« C’est dans votre ADN, mais vous ne savez pas l’exploiter comme il faut ! »

Cadre à Tunisair, Habib Fekih y avait occupé  plusieurs postes de responsabilité dont notamment directeur des Opérations et directeur de la Stratégie, du développement et des systèmes d’information. Changement de destination, à Airbus, il a été vice-président des ventes pour le Moyen-Orient, Senior vice-président des Ventes et du développement des affaires et des produits pour le monde entier, président de la filiale Airbus Groupe Afrique et Moyen-Orient. Avec son regard d’expert ayant longtemps exercé dans un des fleurons mondiaux de l’aéronautique, M. Fekih nous livre son analyse sur cette période charnière et délicate de la Tunisie et présente quelques propositions concrètes pour s’en sortir. Il y croit !


Si on vous demandait d’analyser la situation actuelle du pays ?

La Tunisie a besoin d’un sauvetage immédiat, compte tenu de  la situation catastrophique sous tous rapports. Malheureusement, c’est le constat. Mais les origines des problèmes remontent à très loin. Des choix n’avaient pas été faits ou faits mais non aboutis.

C’était au moment de l’édification de la nation ?

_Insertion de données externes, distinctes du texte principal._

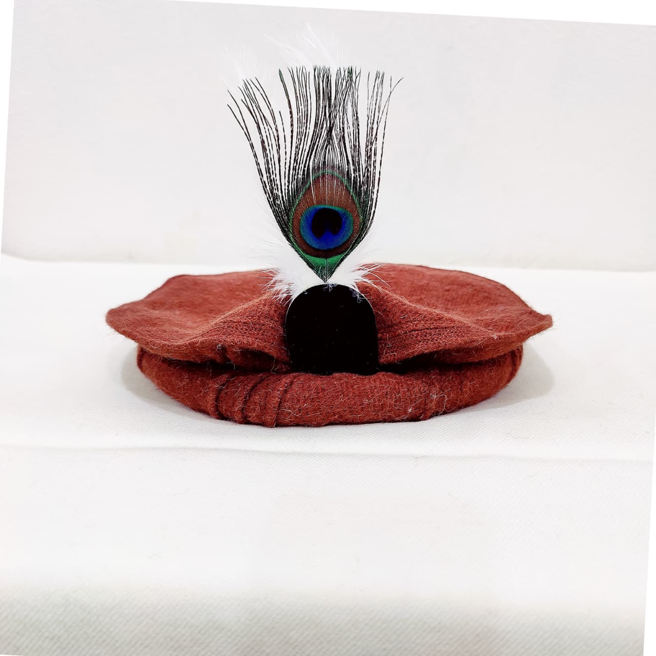 Elegant Rust Chitrali Woolen Pakool with Peacock Feather
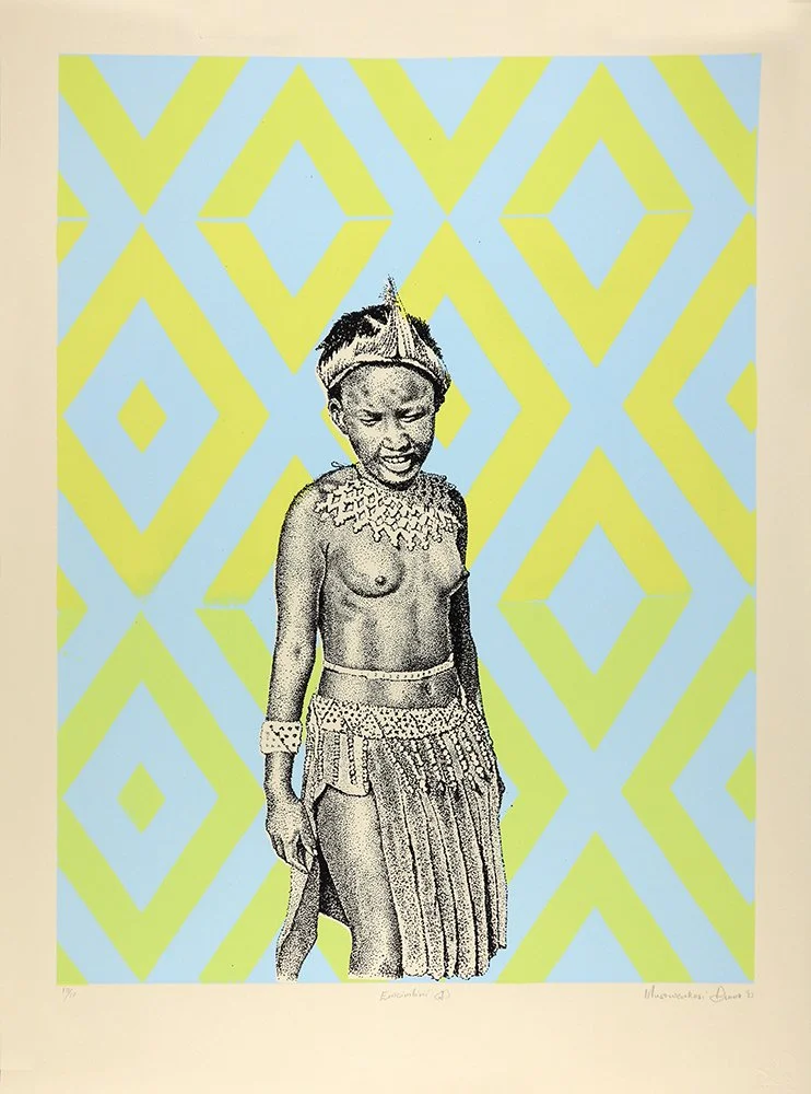 Musawenkosi Duma, was born in 1987, in Nongoma, in KwaZulu-Natal. He moved to Johannesburg in 2010 and is currently living in Daveyton. He studied drawing and printmaking at a local art center in 2013 before enrolling at the Artist Proof Studio in 2015. Duma currently specializes in the print medium of screen printing. His body of work pays tribute to his Zulu culture, specifically the role of women. The work documents a visual language of symbols and patterns specific to Zulu culture. This visual language is still used today as a form of communication in Zulu rituals and practices. His work testifies to Duma’s pride in the cultural traditions and practices that have informed his identity as a young Zulu man. He grew up in a community that participates in traditional Zulu rituals within a contemporary context. His prints are an attempt to preserve the Zulu culture that is under threat by Western values and globalization.

Nous ne pouvons nier les bonnes réalisations qui avaient été faites. On ne peut en dire autant sur les choix économiques. Il y a eu des hésitations entre les différents modèles ; socialiste, libéral; l’expérience des coopératives conduite par Ahmed Ben Salah a été un échec cuisant qui a coûté cher à la communauté nationale. Un indicateur pertinent atteste de cet état de fait ; en 1965, le PIB tunisien par tête d’habitant était le double de celui de la Corée. En 1969, les deux pays étaient à égalité. Et en 1986, le PIB « per capita » de la Corée du Sud a doublé par rapport au PIB tunisien.

Comment l’expliquer ?

Les choix initiaux tunisiens étaient extraordinaires. La plus grande partie du budget était consacrée à l’éducation. La culture était considérée comme un secteur de premier plan également. Mais il manquait une vision claire portant sur le long terme. Si on prend l’exemple de la couverture sociale, la planification n’avait pas été faite en fonction de l’évolution future de la pyramide des âges.  Les programmes se limitaient aux court et moyen terme. Nous n’avions pas pensé la couverture sociale dans un plan global, lorsque les actifs allaient devenir moins nombreux que les retraités. Effectivement, nous avons développé le savoir et grâce à ce choix, la Tunisie peut se prévaloir d’une intelligentsia dans tous les métiers. Mais ce n’était pas suffisant. J’ai eu le privilège de déjeuner avec l’ancien Premier ministre singapourien, Lee Kuan Yew ; il expliquait qu’en 1965, il a fallu faire des choix pour planifier l’avenir du pays. Ils avaient pensé à Singapour en l’an 2000 en optant pour les nouvelles technologies, les services et les finances. En Tunisie, les horizons n’allaient jamais au-delà du Plan quinquennal. Avait-on la moindre idée de ce qu’allait être la Tunisie 15, 20 ou 30 ans plus tard ? La réponse est non. Or, cette vision aurait dû être mise en œuvre par les responsables et partagée par la population. Une vision claire et motivante qui implique les citoyens.

Et aujourd’hui ?

Mis à part un plan de sauvetage immédiat, il faut penser à la Tunisie de 2050. Les droits et libertés, la démocratie constituent l’environnement dans lequel devra évoluer la Tunisie. Des acquis qui ne doivent jamais être remis en cause. Il faut mettre en place un récit national, clair, cohérent, exhaustif et n’exclure aucune époque de l’histoire de la Tunisie. Cette continuité définit l’ADN du pays. Notre langue « dareja », qui est décriée et souvent considérée comme une sous-langue est une vraie langue. Les Maltais l’utilisent comme langue nationale. Nous avons rejeté certains éléments importants de notre tunisianité.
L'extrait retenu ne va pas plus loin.